5. This leads us to the ultimate issue: Whether the issue can be decided by declaratory judgment. There are two avenues to follow in reaching that decision. The first is, if the Gerdine principles apply, are there facts or circumstances in this case which necessitate a declaratory judgment? Gerdine limits the availability of declaratory relief when other relief is also available. We interpret that to mean viable alternative relief.

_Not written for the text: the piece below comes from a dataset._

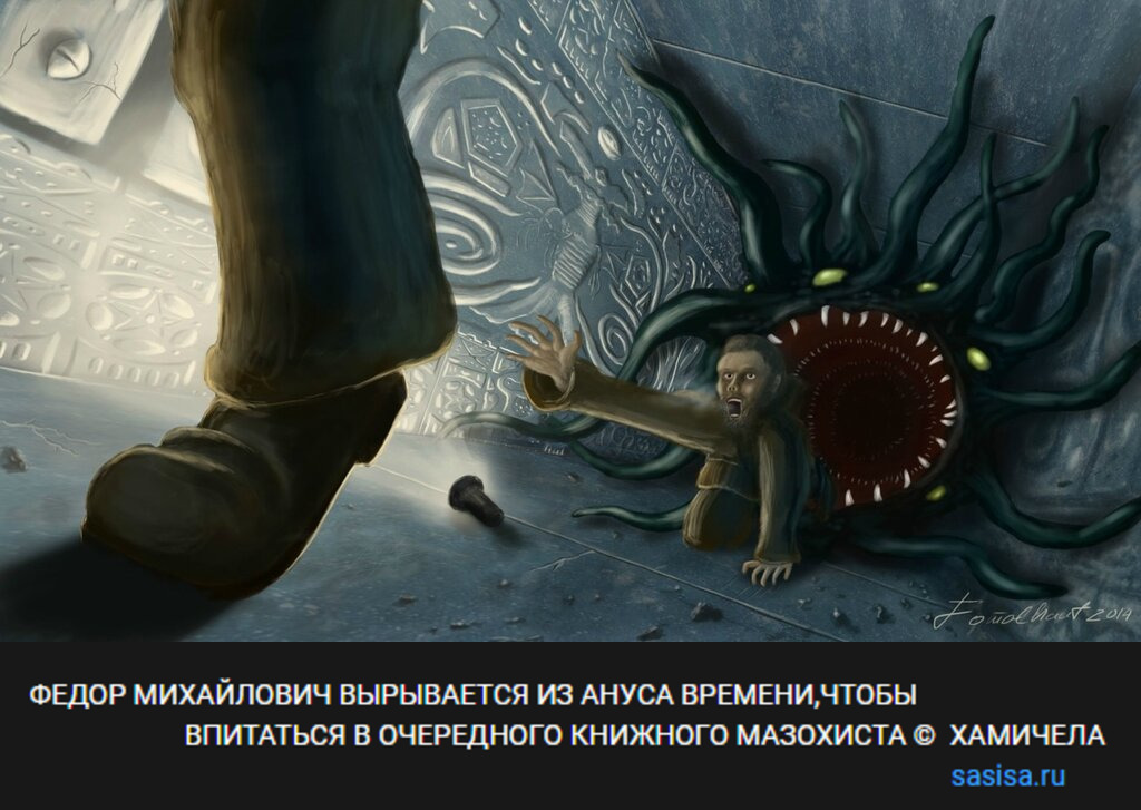 фёдор михалыч вырывается из ануса времени,чтобы впитаться в очередного книжного мазохиста

The alternative to appellant bringing this petition for declaratory judgment is to wait to be sued on the claim by appellee. The issue at bar, being a question of law, would then most likely be presented to the court in some form of pretrial motion. Resolution of the issue there would be just as determinative of the dispute between the parties as it would be here. Nevertheless, we fail to see the reason for requiring appellant to await the filing of a suit against it under the exceptional circumstances in this case. The decision in Jones v. State Farm has had the unfortunate effect of creating substantial uncertainty and insecurity in the insurance industry. Appellant, as well as other insurance companies doing business in Georgia, is being inundated with claims for retroactive benefits assertedly prescribed by Jones. In this case, as in the others, the facts have accrued and the question is now whether Jones has changed the rights of the parties with respect to those facts. Until that question is answered appellant is forced to proceed without guidance from the law. Therefore, we conclude that the Gerdine qualifications for declaratory judgment have been met.
6. The second avenue of approach to the issue is under the Declaratory Judgment Act itself.

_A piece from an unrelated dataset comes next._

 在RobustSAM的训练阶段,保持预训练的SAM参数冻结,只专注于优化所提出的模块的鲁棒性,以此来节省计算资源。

The issue at bar is a question of law and therefore can only be decided by a court of law. A trial would serve no useful purpose because the issue is purely legal. Moreover, it is an important issue, one that needs to be decided. Therefore, we hold that the ends of justice require that the court below render the declaratory judgment prayed for.1 The decision dismissing the complaint is reversed and the case is remanded for declaratory judgment.
Judgment reversed. Sognier, J., concurs. Deen, P. J., concurs in the judgment only.
DECIDED JULY 13, 1982 —
REHEARING DENIED JULY 30, 1982
E. B. Wilkin, Jr., Richard W. Fields, Thomas S. Carlock, R. Clay Porter, for appellant.

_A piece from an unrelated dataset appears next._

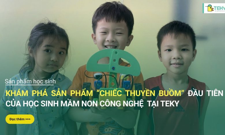 Một trong những sản phẩm nổi bật tại Teky Điện Biên Phủ vừa qua là Chiếc thuyền buồm do ba bạn nhỏ Võ Ngọc An Nhiên, Nguyễn Thiên An và Nguyễn Minh Phúc cùng thực hiện. Dự án thể hiện cách trẻ mầm non học công nghệ một cách tự nhiên, trực quan và đầy hứng thú. “Chiếc thuyền buồm” trở thành dấu ấn cho thấy trẻ hoàn toàn có thể làm quen với cơ khí – vận động – tư duy kỹ thuật từ những bước đầu tiên.

Walter H. Burt III, William L. Swan, for appellee.
William C. Sanders, G. Conley Ingram, Oscar N. Persons, Vickie Cheek Lyall, Milton A. Carlton, J. Franklin Edenfield, amici curiae.
DEEN, Presiding Judge, concurring specially.
While concurring in the judgment of reversal, what is said in Division One of the majority opinion is well stated and prohibits us from addressing the merits of the case. It is the opinion of the writer that our whole court should consider the retrospective-prospective application and effects of Jones v. State Farm &c. Ins. Co., 156 Ga. App. 230 (274 SE2d 623) (1980), and, further, possibly reconsider
I respectfully concur in the judgment only.